■ **WHAT YOU NEED TO DO**
Among the lines below, the one containing "지도를 봤을때 신방화역, 공항시장역, 마곡나루역, 트리플역세권 입지이며." opens the range and the one containing "з таких стільців." closes it. Print that range exactly, without the pictures.
[PROVIDED RECORDS Boundary: Start]
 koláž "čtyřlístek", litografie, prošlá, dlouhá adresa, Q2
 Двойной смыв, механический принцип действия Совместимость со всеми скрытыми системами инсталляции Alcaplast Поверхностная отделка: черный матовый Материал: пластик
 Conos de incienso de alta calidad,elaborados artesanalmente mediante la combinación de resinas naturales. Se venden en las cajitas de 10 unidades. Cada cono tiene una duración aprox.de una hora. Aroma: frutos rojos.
[PROVIDED RECORDS Boundary: End]
[PROVIDED RECORDS Boundary: Start]
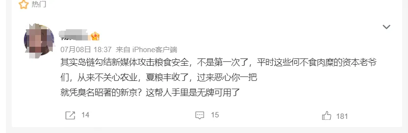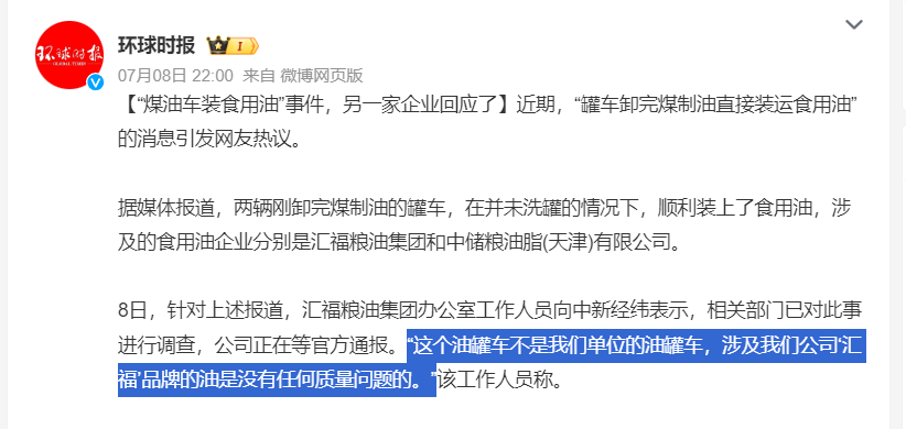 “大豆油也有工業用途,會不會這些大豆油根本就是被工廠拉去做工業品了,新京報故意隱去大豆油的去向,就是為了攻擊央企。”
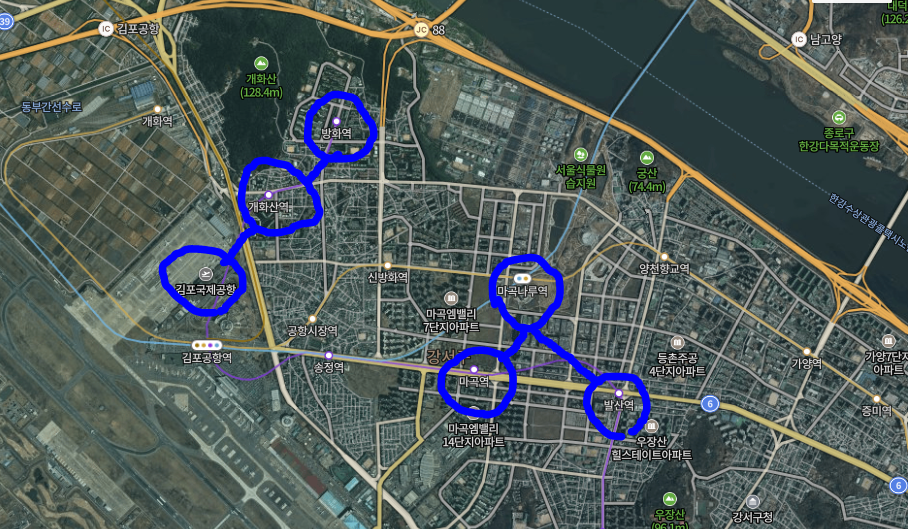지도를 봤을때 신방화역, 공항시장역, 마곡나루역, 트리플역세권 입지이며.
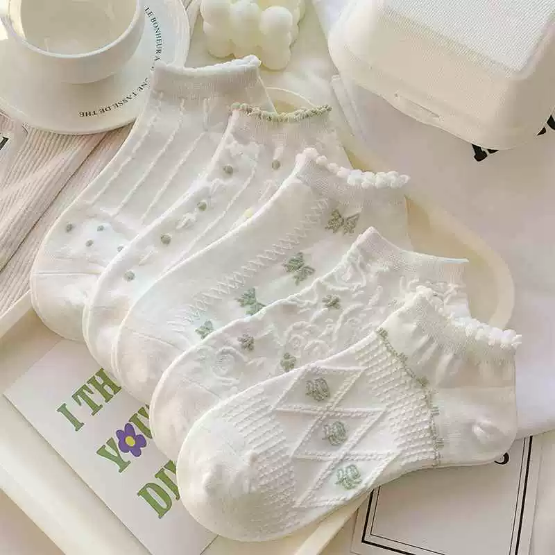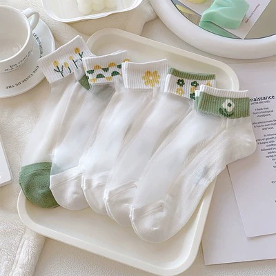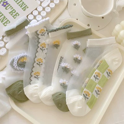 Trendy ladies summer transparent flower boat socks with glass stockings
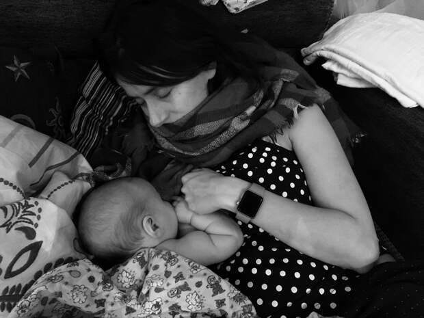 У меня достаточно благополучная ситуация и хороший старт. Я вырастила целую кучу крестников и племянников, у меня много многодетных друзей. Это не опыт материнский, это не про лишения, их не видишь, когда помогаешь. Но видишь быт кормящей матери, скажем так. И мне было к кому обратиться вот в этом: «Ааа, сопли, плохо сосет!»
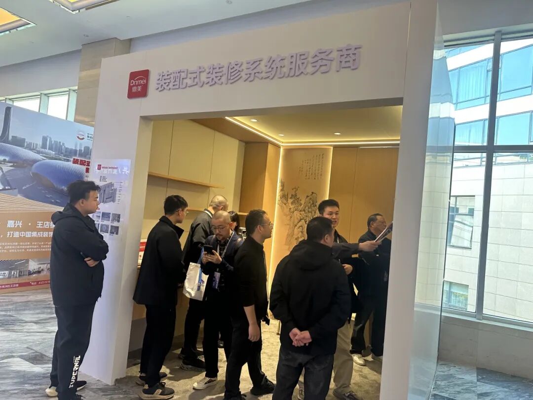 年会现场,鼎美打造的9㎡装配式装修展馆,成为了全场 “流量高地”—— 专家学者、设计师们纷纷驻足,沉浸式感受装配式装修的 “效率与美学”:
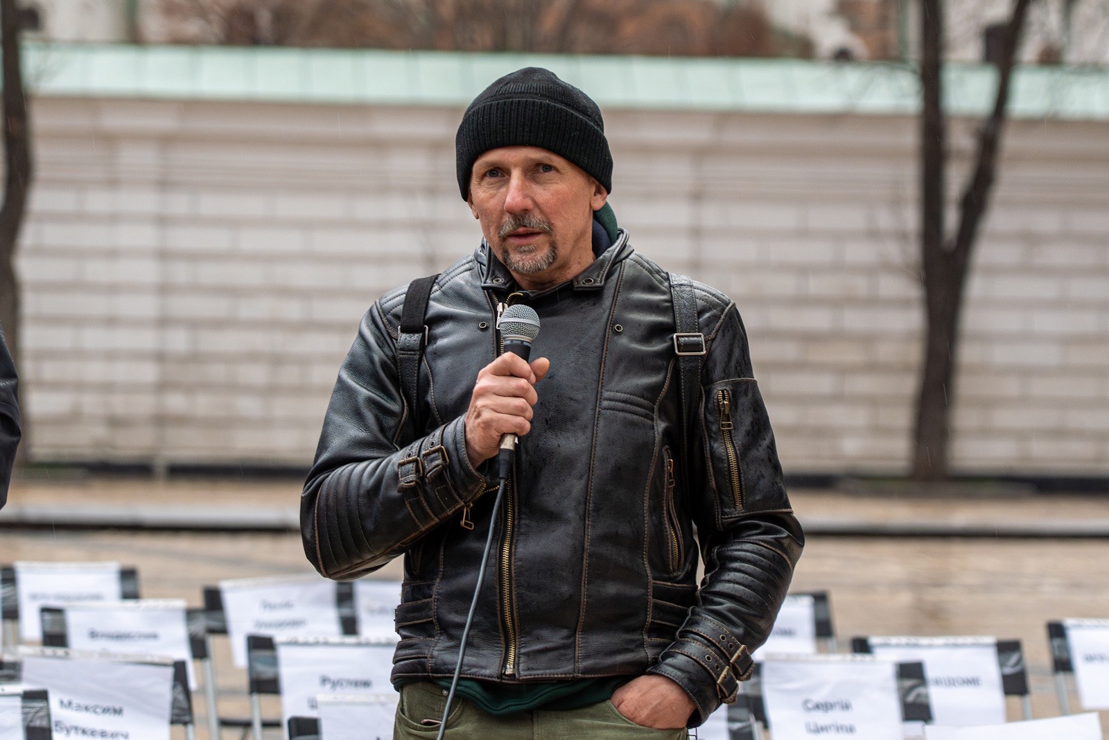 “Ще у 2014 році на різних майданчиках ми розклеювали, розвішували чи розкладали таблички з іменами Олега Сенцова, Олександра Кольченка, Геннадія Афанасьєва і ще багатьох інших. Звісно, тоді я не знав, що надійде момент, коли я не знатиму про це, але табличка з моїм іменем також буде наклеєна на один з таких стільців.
[PROVIDED RECORDS Boundary: End]
■ **COMPLETED TASK**
지도를 봤을때 신방화역, 공항시장역, 마곡나루역, 트리플역세권 입지이며.
 Trendy ladies summer transparent flower boat socks with glass stockings
 У меня достаточно благополучная ситуация и хороший старт. Я вырастила целую кучу крестников и племянников, у меня много многодетных друзей. Это не опыт материнский, это не про лишения, их не видишь, когда помогаешь. Но видишь быт кормящей матери, скажем так. И мне было к кому обратиться вот в этом: «Ааа, сопли, плохо сосет!»
 年会现场,鼎美打造的9㎡装配式装修展馆,成为了全场 “流量高地”—— 专家学者、设计师们纷纷驻足,沉浸式感受装配式装修的 “效率与美学”:
 “Ще у 2014 році на різних майданчиках ми розклеювали, розвішували чи розкладали таблички з іменами Олега Сенцова, Олександра Кольченка, Геннадія Афанасьєва і ще багатьох інших. Звісно, тоді я не знав, що надійде момент, коли я не знатиму про це, але табличка з моїм іменем також буде наклеєна на один з таких стільців.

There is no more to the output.